In 2022, Jocelyne Cesari, a senior fellow at Georgetown University’s Berkley Centre for Religion, Peace and World Affairs, along with Kalpana Jain, a journalist and editor at The Conversation U.S., delivered a discussion on the rise of anti-Muslim hate speech and violence in India. Combining scholarly and journalistic perspectives, the two argued that PM Modi and his party the BJP have constructed hostile attitudes toward Muslims among the country’s Hindu majority.
They were of the view that after Modi came to power in 2014, India experienced a large increase in anti-Muslim religious violence, with many conflicts centred around allegations of Muslims illegally selling and consuming cow meat. Modi and many prominent members of the BJP contributed to the hatred through their inflammatory rhetoric and their unwillingness to address or punish instances of violence against Muslims.
The pandemic exasperated religious tensions in many unprecedented ways. As Cesari pointed out, Muslims were arbitrarily denied basic needs: “Muslims were prevented in some cases from getting into hospitals. Their businesses were shut down.”
The BJP has also recently enacted “security” laws that disproportionally target Muslims. “The moment that the state starts to scrutinise one religious group, they also turn to do it to other religious groups,” Jain warned.
Cesari views the current religious tensions as a legacy of British interference in the region. Historically, religious groups on the Indian subcontinent tended to see themselves first and foremost as members of a local community. This local sense of belonging typically superseded religious differences.
This began to change when British rule introduced the modern notion of the state and different groups began competing over the national image and national resources.

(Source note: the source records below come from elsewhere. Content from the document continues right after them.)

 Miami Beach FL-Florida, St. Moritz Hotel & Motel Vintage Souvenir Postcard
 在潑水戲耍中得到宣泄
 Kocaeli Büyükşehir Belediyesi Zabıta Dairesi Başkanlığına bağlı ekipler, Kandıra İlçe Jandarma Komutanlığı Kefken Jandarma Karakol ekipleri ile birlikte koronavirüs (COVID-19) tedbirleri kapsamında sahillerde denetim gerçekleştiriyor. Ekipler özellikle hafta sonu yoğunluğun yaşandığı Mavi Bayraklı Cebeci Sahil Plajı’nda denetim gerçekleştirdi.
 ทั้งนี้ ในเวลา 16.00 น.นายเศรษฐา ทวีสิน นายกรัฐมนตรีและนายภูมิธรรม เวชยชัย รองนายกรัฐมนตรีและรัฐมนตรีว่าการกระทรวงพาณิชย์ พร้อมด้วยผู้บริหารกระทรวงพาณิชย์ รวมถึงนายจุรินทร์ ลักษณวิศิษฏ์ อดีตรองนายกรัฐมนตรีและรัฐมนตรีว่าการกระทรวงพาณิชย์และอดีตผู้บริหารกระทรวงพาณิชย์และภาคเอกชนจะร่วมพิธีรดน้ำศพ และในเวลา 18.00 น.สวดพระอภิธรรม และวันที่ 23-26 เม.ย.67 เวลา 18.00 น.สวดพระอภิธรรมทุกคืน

While, for instance, Muslims previously existed as members of a local community, now they had to conceptualise what it meant to be an Indian Muslim.

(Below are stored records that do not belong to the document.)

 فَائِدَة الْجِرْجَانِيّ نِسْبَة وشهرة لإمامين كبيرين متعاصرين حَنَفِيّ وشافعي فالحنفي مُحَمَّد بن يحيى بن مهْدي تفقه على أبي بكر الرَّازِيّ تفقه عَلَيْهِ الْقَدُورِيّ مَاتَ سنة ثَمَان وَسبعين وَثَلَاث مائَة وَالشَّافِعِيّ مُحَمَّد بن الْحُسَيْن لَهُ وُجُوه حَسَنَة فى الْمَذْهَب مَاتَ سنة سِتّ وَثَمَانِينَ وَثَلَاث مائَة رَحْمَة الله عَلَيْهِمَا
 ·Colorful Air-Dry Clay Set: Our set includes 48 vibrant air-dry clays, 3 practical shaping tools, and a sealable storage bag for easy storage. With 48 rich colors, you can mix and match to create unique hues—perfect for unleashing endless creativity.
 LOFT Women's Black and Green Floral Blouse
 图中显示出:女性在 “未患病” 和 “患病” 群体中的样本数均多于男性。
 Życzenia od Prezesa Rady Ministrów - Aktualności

“Until the encounter with the British, the Muslims never thought of themselves as a minority because they saw themselves as a thread in the tapestry of what was India,” Cesari said, and we can’t agree more to this.
Thus, even though the British imposed a secular vision for the state, the new system actually created an enormous amount of tension between Muslims and Hindus by forcing the two communities to construct sometimes – divergent national identities.
The BJP emerged within this context, appealing to the Hindu fear that secularisation both threatened the Hindu identity and disproportionately favoured minorities. The BJP “is trying to preserve or strengthen the rights of the majority against the power given, or too much (perceived) power, given to the minorities,” Cesari said. This framework explains the common arguments made by Hindi nationalists aligned with the BJP: “Islam will take over India…Hindus will have no land left…all their girls will be converted to Islam…Muslim men are launching their jihad by way of marrying women.”
While the BJP has become by far the most popular political party in India, Jain argued that its significance is overblown. Despite the British legacy of creating the concept of “minorities” in India, she noted that extreme anti-Muslim sentiments did not emerge on a wide scale until more recently, meaning Islamophobia is more of a modern populist Hindu political ploy by Modi rather than an institutionalised way of thinking among the populace.
Jain suggested that Hindu nationalism as a defining identity for Indians is unsustainable, and that the public will eventually desire a political party that does more than appeal to religious sentiment. “People want more than religion, and I think people are smart enough to see, are we being fooled in the name of religion? Are we getting enough from our politicians?”
Government Policies and Actions Target Minorities
Authorities in India have adopted laws and policies that systematically discriminate against Muslims and stigmatise critics of the government, Human Rights Watch said in one of its reports. Prejudices embedded in the government of the ruling Hindu nationalist BJP have infiltrated independent institutions, such as the police and the courts, empowering nationalist groups to threaten, harass, and attack religious minorities with impunity.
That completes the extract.